A Look at Lockheed

03/12/2004 12:00 am EST

Focus:

Jon Markman

Editor, Trader's Advantage

For those aware of the risks in trading, StockTactics Advisor is an exceptional advisory service. Jon Markman develops various portfolios designed around such themes as value, momentum, short sales, insiders, and "cheap thrills." Here's one of his latest "swing" trades.

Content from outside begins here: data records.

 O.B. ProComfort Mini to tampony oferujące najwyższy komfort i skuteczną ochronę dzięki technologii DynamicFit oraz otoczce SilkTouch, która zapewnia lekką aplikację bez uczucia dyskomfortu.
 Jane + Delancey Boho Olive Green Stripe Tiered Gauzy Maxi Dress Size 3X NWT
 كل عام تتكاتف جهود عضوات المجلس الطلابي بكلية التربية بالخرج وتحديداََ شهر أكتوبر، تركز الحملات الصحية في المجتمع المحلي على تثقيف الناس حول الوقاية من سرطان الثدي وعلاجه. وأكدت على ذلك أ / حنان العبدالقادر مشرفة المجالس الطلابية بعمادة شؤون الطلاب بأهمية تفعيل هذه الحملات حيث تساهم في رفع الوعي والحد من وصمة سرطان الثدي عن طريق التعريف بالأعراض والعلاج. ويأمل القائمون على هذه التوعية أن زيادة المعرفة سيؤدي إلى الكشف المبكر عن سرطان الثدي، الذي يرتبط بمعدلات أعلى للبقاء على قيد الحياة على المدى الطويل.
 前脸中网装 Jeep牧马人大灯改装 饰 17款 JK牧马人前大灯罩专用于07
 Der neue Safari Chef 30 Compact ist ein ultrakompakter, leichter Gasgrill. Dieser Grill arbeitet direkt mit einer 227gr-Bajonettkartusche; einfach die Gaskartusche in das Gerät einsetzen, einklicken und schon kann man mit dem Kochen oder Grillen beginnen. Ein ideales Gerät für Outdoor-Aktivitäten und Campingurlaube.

"This range-bound market has been like water torture–up a little, down a little. But if you are a long-term investor with a bullish point of view, periods like this are very often the best times for accumulating beaten down stocks at good prices. One such interesting name hitting potential support price levels is Lockheed Martin (LMT NYSE).  T he aerospace giant’s shares have tumbled since late January after being hit by three rockets: First, the company issued 2004 earnings guidance that was below expectations. Second, it announced the retirement of its popular CEO. Third, the Pentagon announced the cancellation of a rival’s $38 billion Comanche helicopter project, casting fear that its own projects could be cancelled.

"The stock has fallen to $45 from $52 in the past month and it’s well off its post 9-11 high of $71, which it touched in mid 2002. In recent trading, the stock has also fallen below its 200-day moving average, which should ultimately offer technical support. This area has offered a lot of support in the past. It traded as low as $40.50 just before the Iraq war. Of course, this is just technical 'jabber' for explaining that this general area seems like a good place to start a position in one of the three preeminent defense contractors in the world.

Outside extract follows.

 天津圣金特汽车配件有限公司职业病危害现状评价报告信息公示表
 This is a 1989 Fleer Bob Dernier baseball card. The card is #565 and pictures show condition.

"The selling seems overdone, and the valuation may be close to compelling for major institutions. Lockheed’s p/e multiple of 19.5 seems reasonable for a major Pentagon supplier expected to grow in the low double-digits, and is slightly below its five-year average. Its price-to-sales multiple of 0.65 is also slightly below its five-year average. Yet, the company’s most important source of new revenue–the F-22 land-based Fighter jet and the F-35 Joint Strike Fighter–are not considered in danger. For what it’s worth, defense analysts at UBS Securities consider Lockheed their best pick in the defense sector at this time, figuring it will generate $2.5 to $3 billion in free cash flow over the next two years and will look for ways to return increasing amounts to shareholders.

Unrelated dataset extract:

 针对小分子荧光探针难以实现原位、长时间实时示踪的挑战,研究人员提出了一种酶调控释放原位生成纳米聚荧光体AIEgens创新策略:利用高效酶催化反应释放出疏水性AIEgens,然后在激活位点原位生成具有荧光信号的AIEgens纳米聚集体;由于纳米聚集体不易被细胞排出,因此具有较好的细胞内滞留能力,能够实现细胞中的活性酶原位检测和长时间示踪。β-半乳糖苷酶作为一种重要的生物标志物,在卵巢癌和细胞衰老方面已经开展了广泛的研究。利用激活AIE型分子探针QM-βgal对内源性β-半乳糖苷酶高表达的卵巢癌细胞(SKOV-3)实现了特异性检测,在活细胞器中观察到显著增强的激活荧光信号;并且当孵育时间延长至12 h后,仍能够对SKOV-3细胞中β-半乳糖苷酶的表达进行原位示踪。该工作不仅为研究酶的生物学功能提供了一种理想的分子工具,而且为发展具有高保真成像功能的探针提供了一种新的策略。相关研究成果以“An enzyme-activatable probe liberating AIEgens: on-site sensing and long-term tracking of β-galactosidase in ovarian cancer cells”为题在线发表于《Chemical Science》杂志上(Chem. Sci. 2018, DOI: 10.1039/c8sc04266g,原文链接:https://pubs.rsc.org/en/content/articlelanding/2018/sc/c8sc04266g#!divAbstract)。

"To be sure, Lockheed has lagged its major competitors such as General Dynamics, Boeing, and Northrop over the past year. But as the stock comes into an area that has technically served as a springboard in the past, the shares might be worth consideration. There are three ways to play this stock:

  • Buy the shares between $40 and $45, and be patient. In a decent market, LMT should work its way back up to $52-$55 by year-end. A move from $42 to $55 would be 26%, which would be great considering you are also pulling in a 2% dividend yield. (UBS’ target, based on discounted cash flow, is $60.)
  • Buy the stock on a move above $46 on strong volume. That would be a signal that institutions have validated this idea. This is the safest strategy.
  • Buy the long dated call options on Lockheed, such as the January 2005, with strike prices of $40, $45, and $50. These options are currently selling at prices of $7.10, $4, and $2, respectively."